Every morning, after the Liturgy, Fr. Ignaty would come to the drawing room, take in at a single glance the empty cage and all the familiar furnishings of the room, sit down in an armchair, close his eyes and listen to the house being silent. It was something strange. The cage was quietly and gently silent, and in this silence could be sensed sorrow, and tears, and distant laughter that had died. The silence of his wife, softened by the walls, was obstinate, heavy, like lead, and terrible – so terrible that on the very hottest day Fr. Ignaty would grow cold. Long and cold, like the grave, and enigmatic, like death, was the silence of his daughter. It seemed as if this silence was agonizing for itself, and it passionately desired to turn into a word, but something strong and obtuse, like a machine, kept it motionless and stretched it out like a wire. And somewhere, at its far end, the wire would begin to oscillate and ring, quietly, timidly and plaintively. Fr. Ignaty would catch that nascent sound with joy and terror and, resting his hands on the arms of the chair, with his head stretched forward, would wait for the sound to approach him. But the sound would be cut short and fall silent.
“Nonsense!” Fr. Ignaty would say angrily, and get up from the chair, still erect and tall.

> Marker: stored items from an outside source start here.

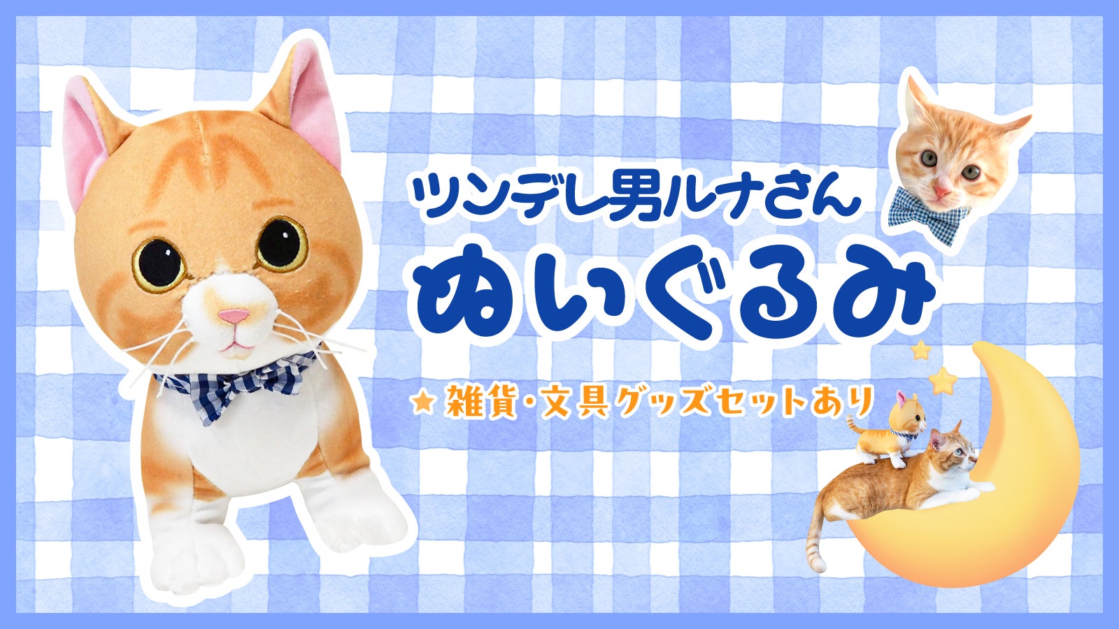 SNS総フォロワー3.8万 猫の【ツンデレ男ルナさん】がぬいぐるみになって登場!Tシャツやタオル、文具などその他オリジナルグッズの数々とセットも含めた先行予約販売をMakuakeにて開始!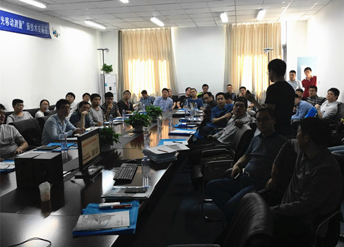 接着,中海达旗下武汉海达数云技术有限公司的华北大区经理贾文龙作了题为《三维激光及移动测量实训室走进校园》的报告。现场,技术人员利用相位式三维激光扫描仪采集了会议室的点云数据,并与在场的老师在三维激光技术以及配套软件功能等方面进行了深入交流。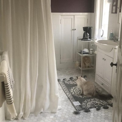 Looks so cute in the guest bathroom! Rug is thick.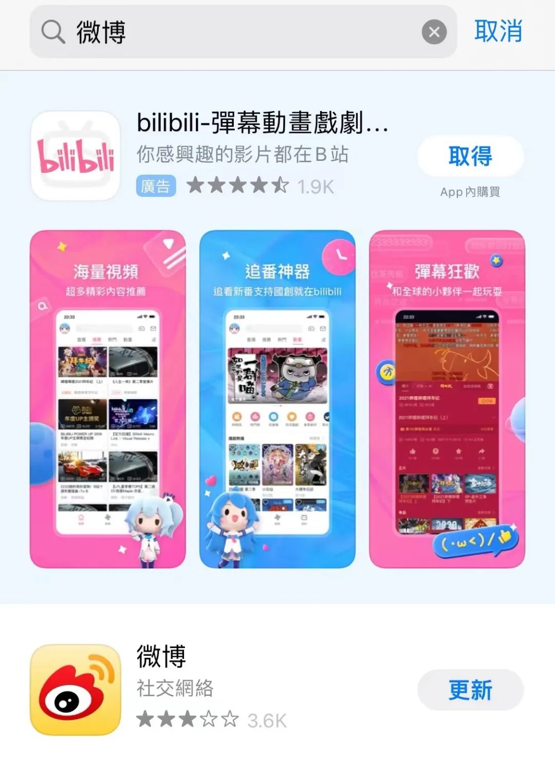 又例如,果子想下载微博的时候,最先看到的竟然是 B 站。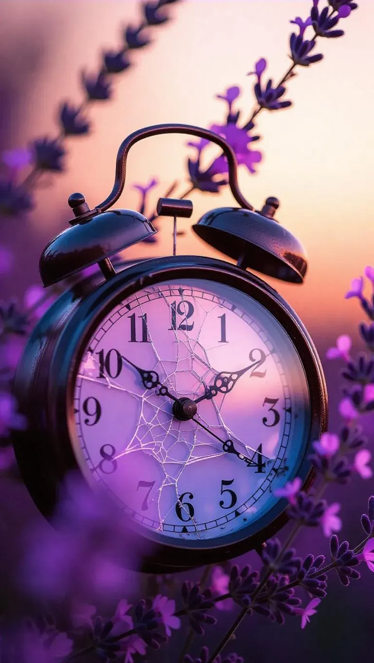 An antique clock, its glass slightly cracked, with vibrant buds emerging, time fading in eternal memory, surrounded by a soft, lavender glow, capturing the moment of tender beauty and fragility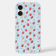 A playful pattern filled with hand-painted strawberries, tiny white flowers, and green leaves on a light blue pastel background. Great for spring-themed products or cute fabric prints.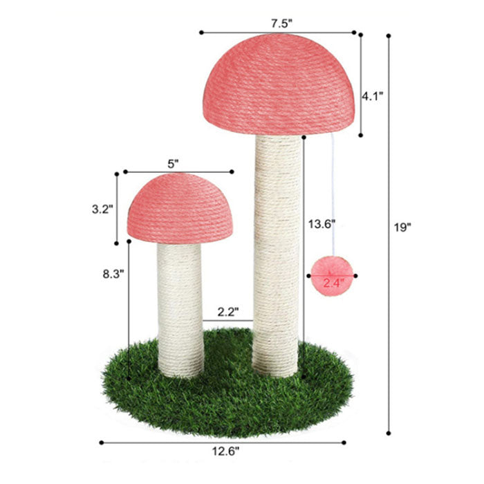 Cat Scratching Post Mushroom Durable Sisal Board with Dangling Ball-Pink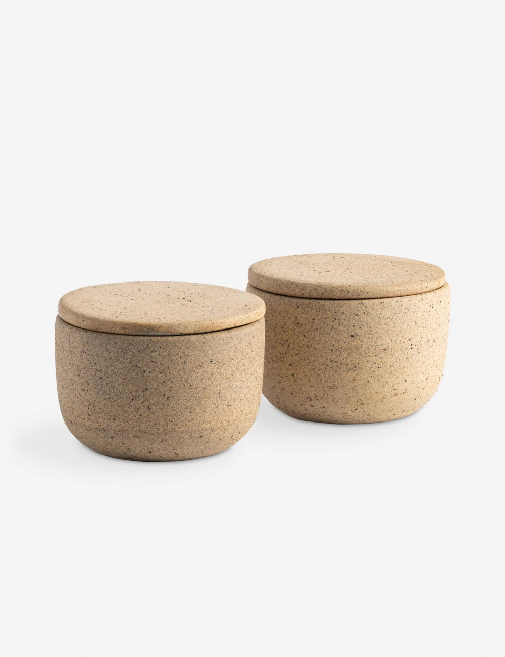 The Diem kitchen collection is crafted in the Talavera ceramic style to offer a beautiful earthenware dish set with a simple grounding tone. These small jars each feature a matching lid and are ideal for quick pinches of salt, table sugar, or bespoke spice blends.

Through the window he could see the sunlit square, paved with flat, round stones, and, opposite, the stone wall of a long shed without windows. On the corner stood a cabman, looking like a clay statue, and it was unclear why he was standing there when, for hours on end, not a single passer-by would appear.
III
Outside the house, Fr. Ignaty was obliged to talk a lot: with the parish clergy and parishioners, in the performance of religious rites and sometimes with the acquaintances with whom he played preference; but when he returned home, he thought he had been silent all day. This happened because with none of these people could Fr. Ignaty talk about what was for him the main, the most important thing, over which he pondered every night: why had Vera died?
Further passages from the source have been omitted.